Notwithstanding any of the foregoing, no registered or beneficial holder of Restricted Voting Units (other than CDS), together with any Affiliate thereof or any person acting jointly or in concert therewith, shall be entitled to require the REIT LP to redeem Restricted Voting Units in excess of an aggregate of 15% of the Restricted Voting Units issued and outstanding (the “ Redemption Limitation ”). By its election to redeem, each registered holder of Restricted Voting Units (other than CDS) and each beneficial holder of Restricted Voting Units will be required to represent or will be deemed to have represented to the REIT LP that, together with any Affiliate of such holder and any other person with whom such holder is acting jointly or in concert, such holder is not redeeming Restricted Voting Units in excess of the Redemption Limitation.

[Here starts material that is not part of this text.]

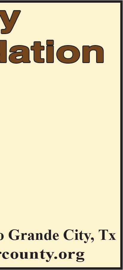 Jr. Memorial Scholarship $2,500 – Juan A. Rocha, Jr., IDEA; $2,000 –Omar Seguin Mendoza, IDEA; $1,500 – Lia Kathleen Gutierrez, RGCHS; $1000 recipients – Naitssa Ramirez, RGCHS; Arturo Alvirde III, GHS; Lino August Hinojosa, RGCHS; J’Elle Longoria, SIHS; Jaylen Jane Gonzalez, RGCHS; Victoria Lee Salinas, RGCHS; Kamryn Elizabeth Pena, RGCHS; Cassandra Vargas, IDEA; Arturo Pena III, PECHS; Jesse James Ramon, Roma HS; Chloe Anastasia Perez, RGCHS.
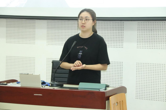 第一位进行分享的是考取了南开大学英语口译专业的刘梦瑶。她围绕考研基本信息、参考书目与学习方法、考研小提示几个环节进行分享,着重介绍了自己本科阶段的学习情况,分享了选择考研目标高校方面的经验,详细讲述了自己在备考前、中、后期不同的学习侧重点以及各种考试答题技巧。最后,她为学弟学妹们推荐了自己的备考参考书目

Instructions for Redemption – Non-Registered Holders

A non-registered Holder who desires to exercise its redemption rights in connection with the Qualifying Transaction must do so by causing a participant (a “ CDS Participant ”) in the depository, trading, clearing and settlement systems administered by CDS to deliver to CDS (at its office in the City of Toronto) on behalf of the owner, a written notice (the “ Redemption Notice ”) of the owner’s intention to redeem Restricted Voting Units in connection with the Qualifying Transaction. Such Holder should ensure that the CDS Participant is provided with notice of his or her intention to exercise his or her redemption privilege sufficiently in advance of the applicable redemption deadline (as described below) so as to permit the CDS Participant to deliver notice to CDS and so as to permit CDS to deliver notice to the Transfer Agent in advance of the required time. The form of Redemption Notice will be available from a CDS Participant or the Transfer Agent.

By causing a CDS Participant to deliver to CDS a notice of the Holder’s intention to redeem Restricted Voting Units, a Holder shall be deemed to have irrevocably surrendered his, her, or its Restricted Voting Units for redemption and appointed such CDS Participant to act as his, her, or its exclusive settlement agent with respect to the exercise of the redemption right and the receipt of payment in connection with the settlement of obligations arising from such exercise.

1 The redemption price per Restricted Voting Unit is an amount per Restricted Voting Unit, payable in cash, equal to the prorata portion of: (a) the escrowed funds available in the escrow account at the time immediately prior to the Redemption Election Deadline, including interest and other amounts earned thereon; less (b) an amount equal to the total of (i) any applicable taxes payable by the REIT LP on such interest and other amounts earned in the escrow account, and (ii) actual and expected expenses directly related to the redemption, each as reasonably determined by the General Partner, subject to the limitations described in the Preliminary Prospectus.

  • 3 -

Any Redemption Notice delivered by a CDS Participant regarding a Holder’s intent to redeem which CDS determines to be incomplete, not in proper form, or not duly executed shall for all purposes be void and of no effect and the redemption right to which it relates shall be considered for all purposes not to have been exercised. A failure by a CDS Participant to exercise redemption rights or to give effect to the settlement thereof in accordance with the Holder’s instructions will not give rise to any obligations or liability on the part of the REIT LP to the CDS Participant or to the Holder.

A Holder whose Restricted Voting Units are held through an intermediary may have a redemption deadline that is earlier than the Redemption Election Deadline. If the deadline for depositing Restricted Voting Units held through an intermediary is not met by a Holder, such Holder’s Restricted Voting Units may not be eligible for redemption.

Questions

Holders who have questions regarding the process for Redemption should immediately contact the CDS Participant through which they hold their Restricted Voting Units.